Seven-year-old Caleb was sputtering, grunting, and slapping out a rap beat on the back of three-year-old Katherine’s seat. “Stop Caleb, Stop!” she wailed, as she kicked the seat in front of her, where nine-year-old Elizabeth sat.
“You stop, Katherine. Stop kicking my seat,” Elizabeth snarled.
I pulled the whistle from around my neck, brought it to my lips and blew. A hush settled. It was one of my best nanny tricks. It worked much better than yelling.
“Please stop kicking the seat, Katherine. And Caleb, stop making those annoying sounds and stop kicking Katherine’s seat,” I said.
“Maggie, you know what? You know what, Maggie?” Katherine asked.
I had just picked her up from swim lessons. She was wrapped in a bright yellow terry cover-up, her big blues eyes peeking from beneath an orange duck bill.
“What Katherine?”
“I want to tell you something.”
I turned to look at her. “What?”
“You know what?”
“What?”
“At swimming, I could touch the ceiling on the bottom.”
Elizabeth laughed. “That’s silly. The ceiling is not on the bottom.”
“I did too touch the ceiling on the bottom. I did. With my foot,” Katherine snapped.
Pinching my lips tight, I shot Elizabeth a look. “That’s great, Katherine. I bet by the end of the week, you’re gonna be swimming like a fish.”
Five year old twins, Caroline and Clara were dressed in full princess regalia. Well, Caroline looked more like a hooker than a princess. She was wearing a red-sequin skirt left over from a devil costume, with a light blue top from a Cinderella ensemble, showing plenty of five-year-old midriff. She had finished off the outfit with a mismatched pair of high-heel play shoes, one pink and one red. Clara was wearing a lovely green and yellow frock from the Princess and the Frog and matching yellow shoes. Both girls had crowns and wands.

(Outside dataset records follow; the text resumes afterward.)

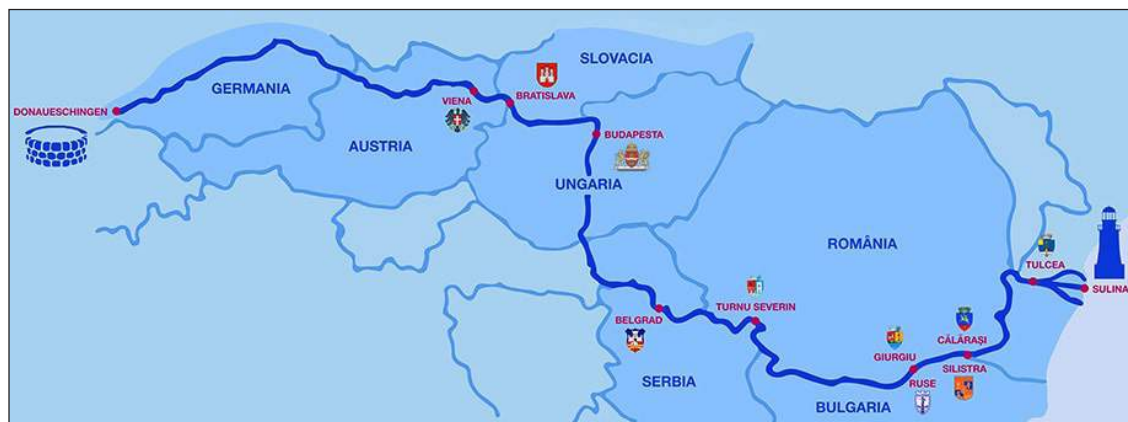
Figura 1. Dunărea europeană.

Dunărea, după cum s-a menționat, s-a format acum câteva milioane de ani, când s-au eliberat de ape și au ieșit la suprafață munții Carpați și când s-au retras din spațiile intramontane mările Badeniană, Sarmațiană, Meoțiană și Pontiană. În Cuaternar și-a făcut apariția în regiunile noastre omul. Într-un târziu, omul a dat nume obiectelor geografice din mediul ambiant, munților, râurilor, dealurilor, văilor etc. Cum se va fi numit inițial însuși fluviul, bineînțeles, nu se știe.
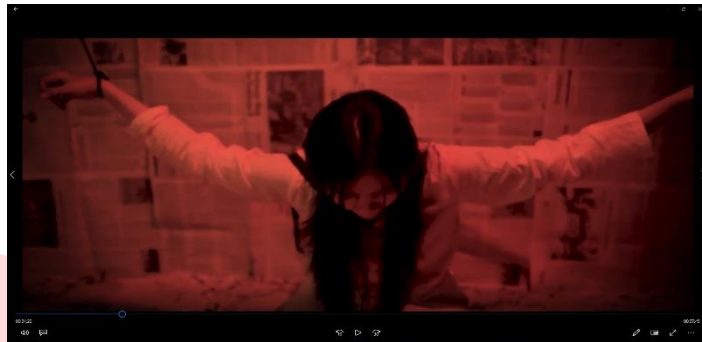
Gambar 2 Penggunaan warna pada film

kesan kesedihan, ketidaknyamanan, atau ketegangan. Pemilihan warna yang kontras dapat membantu menyoroti elemen penting dalam adegan
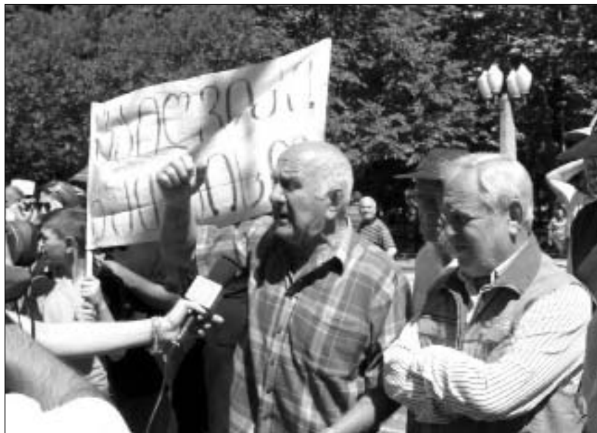
განაწამები ქუთაისელები ცხოვრების ელემენტარულ პირობებს ითხოვენ.

გუშინ ლესელიძის ქუჩის მაცხოვრებლებმა რაჭა-ლეჩხუმისკენ მიმავალი გზა მორებით ჩახერგეს. ლესელიძის ქუჩაზე, რომელსაც ჭომახაც ეძახიან, 10 დღეა შუქი თვალთ არ უნახავი; არ მიეწოდებათ წყალიც. შეიძლება ითქვას, რომ ჭომახელები ბუნებამაც განირობა და ხელისუფლებამაც. მოსახლეობას პრობლემები ჯერ კიდევ მაშინ გაუჭნადა, როდესაც რონძესის კაშხლის მარჯვენა ნაწილში მდინარემ კალაპოტი იცვალა და 200 კვ.მეტრი მინაჩა-
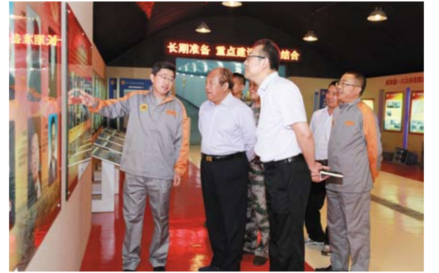
徐振溪副市长参观人防宣传教育展厅

第四，在惠民利民方面相融合。让群众受益是对我们党群众路线最朴实的理解和最有效的实践。应不断强化人防部门的社会管理和公共服务职能，积极开发各类人防工程的惠民利民功能，尽可能多地为群众提供交通、停车、商服、仓储、宣教、休闲等方面的服务，让群众切身感受到人防带来的好处，增强对人防工作的认同感，真正打造“百姓身边的人防、群众放心的人防”。一是可积极推行“人防工程+地下商业与公共服务+地下停车场”的连片规模开发模式，形成区域性人防产业带，促进服务业发展。二
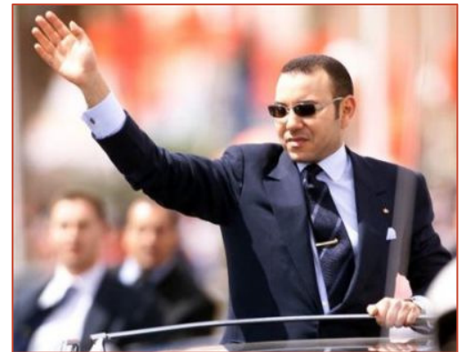
Le roi Mohammed VI, fils d'Hassan II et petit-fils du roi Mohammed V. Il a mis le pays sur la voie de la modernisation.

La Constitution du Maroc est rédigée en 1962 par le roi Hassan II, au moment où le pays obtient son indépendance. L'essentiel des pouvoirs est concentré entre les mains du roi, monarque héréditaire, qui nomme le premier ministre en tenant compte de la majorité du parlement. Actuellement, le pouvoir exécutif est exercé par le gouvernement. Le pouvoir législatif, bicaméral, est exercé par la chambre des représentants composée de 325 membres élus tous les cinq ans au suffrage universel, et la chambre des conseillers qui comprend 270 membres renouvelés par tiers tous les trois ans.
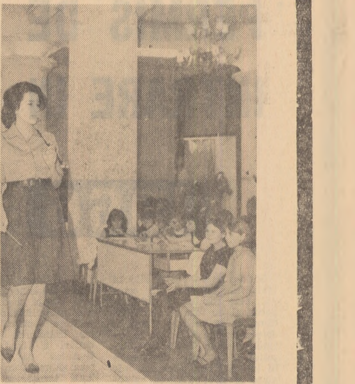
În timpul prezentării unor noi modele la Fabrica de conecții „București”
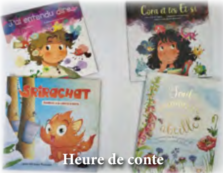
Heure de conte
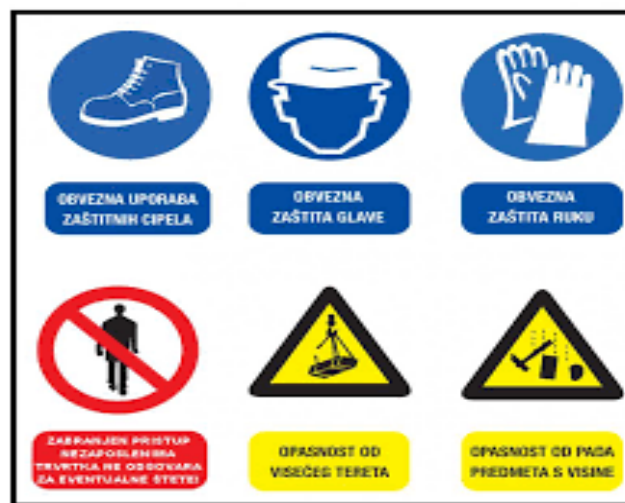
Slika 8. Znakovi zaštite kod rada na strojevima
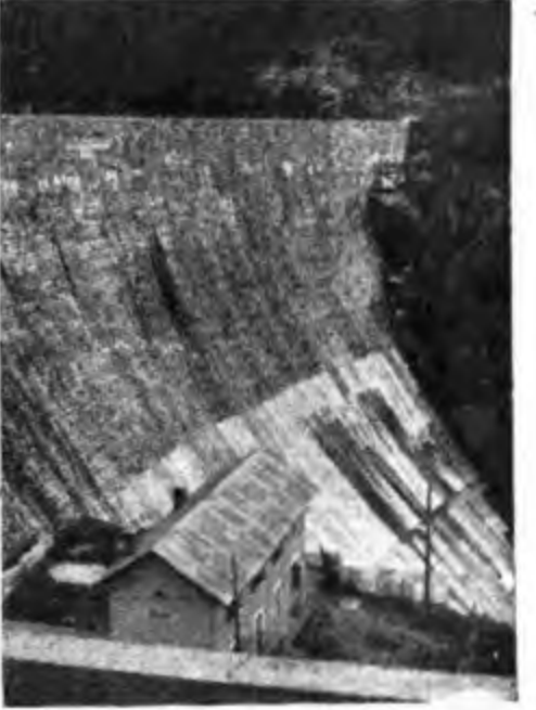
UN'ALTRA VEDUTA DELLA BICA DI SAN DALVAZZO
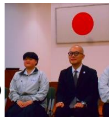
アビリンピック結団式
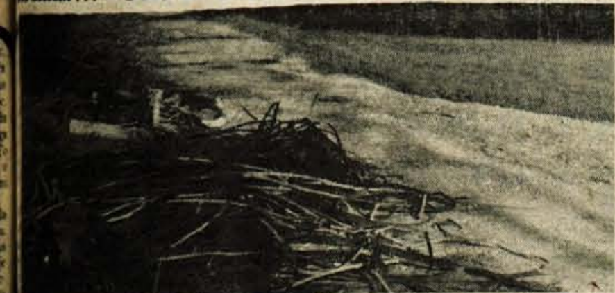
Bobovrek - Podrt most ob jezeru in kupi smeti za cesto in na njej prav tako niso nikakršna turistična privlačnost Bobovka. Tudi okolica je prej zanemarjeno smetišče kot kraj za oddih, saj spremljalec skoraj na vsakem koraku naleti na kose polivinila, konzerve in ostale steklenice.
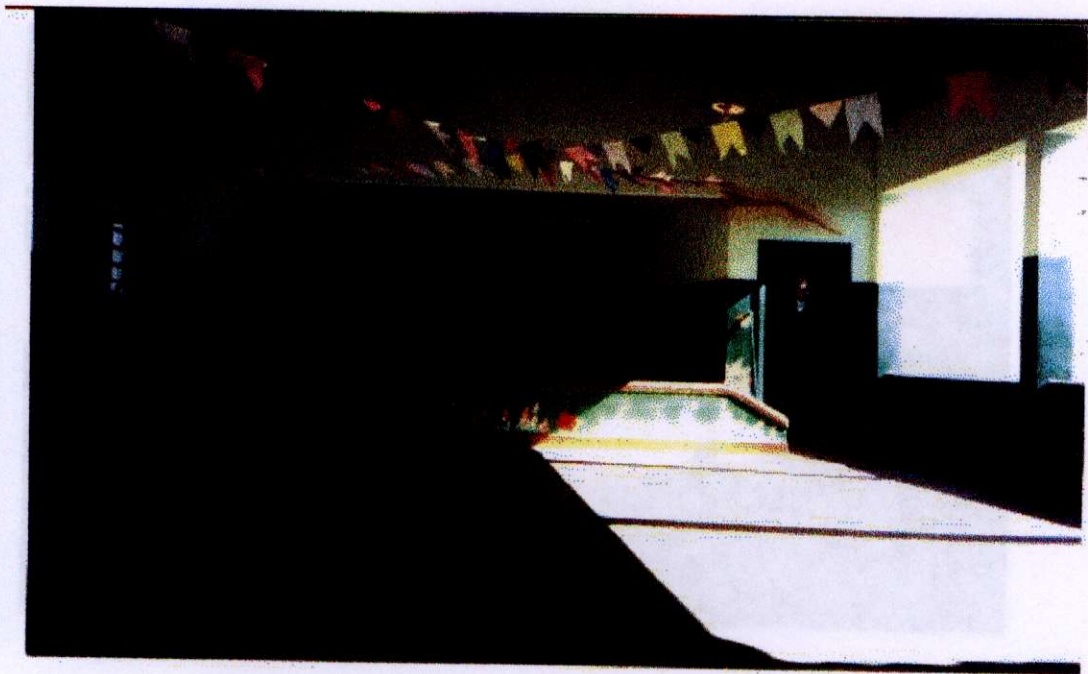
Foto do barracão coberto mais mini teatro da EMEI “Ganymedes José”
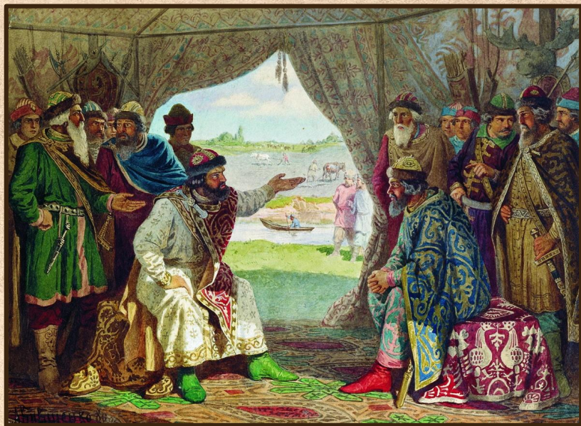
Кившенко А. «Владимир Мономах на съезде русских князей».

Владимиру Мономаху и впоследствии Мстиславу ненадолго удалось восстановить былое единство. После смерти Мстислава Киевская Русь окончательно распалась на полтора десятка княжеств-государств. Наступил период, получивший в истории название периода раздробленности или удельного периода.
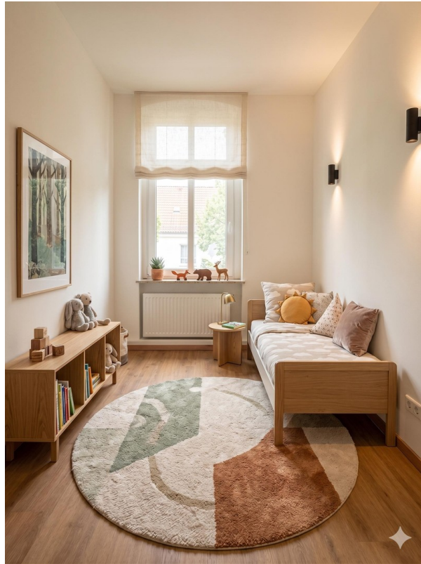
Kinderzimmer 1 muster
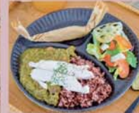
ルンダン風カレープレート

Caroline was the leader. Clara was the follower unless trouble arose; then she sprang into action and became the protector.
“Do you want to come to our Mermaid sacrifice?” Caroline wanted to know.
“You’re going to sacrifice a Mermaid? That doesn’t sound like it would be very nice,” I said.
“Oh, oh, oh,” Caroline stammered. “Yeah, yeah, well, we only sacrifice old Mermaids.”
I tried to keep from laughing. “I see. But, that still sounds like it would hurt. Exactly how do you sacrifice her?”
“Oh, well, we throw her into the volcano.”
“Wait a minute,” I said. “That sounds awful. I don’t think we should be throwing anyone into a volcano.”
Clara chimed in. “She doesn’t stay in there.”
“No, no. First we throw her in, then she rises back up and she’s young again and we have to bow down to her,” Caroline quickly added.
“So, it doesn’t hurt her?” I asked.
“Well, it just hurts a little,” Clara said.
“Yeah, yeah, kinda like getting a shot or your ears peered,” Caroline declared.
“Oh well then, maybe I could take part in the sacrifice, I guess. What do we have to do?”
“First we have to do a Mermaid dance. We need music for that. Find a song on the radio,” Caroline instructed.
While I started to scan the channels and Caroline and Clara talked about choreographing the dance, Elizabeth looked over at me and asked. “What’s a whore?”
Elizabeth was a fashion plate. She wore denim shorts, a bright pink top and flip-flops to match. She had bracelets on each wrist, two necklaces and earrings. Her blonde hair was in a side pony-tail.
“What do you think it is?” I asked calmly.
Nanny rule number one, don’t answer a question, especially that kind of question, until you find out what they know. I learned that the hard way. When Caleb was five, he asked me what sperm was. By-passing the mechanics, I had given him a rather long, awkward definition, finishing with “Why do you ask?”
To which he replied, “My teacher said tomorrow we’re having a program about Sperm Whales and I wanted to know what that was.”
Ah-oh. Lesson learned.
“I don’t know what it is, that’s why I’m asking you,” Elizabeth said.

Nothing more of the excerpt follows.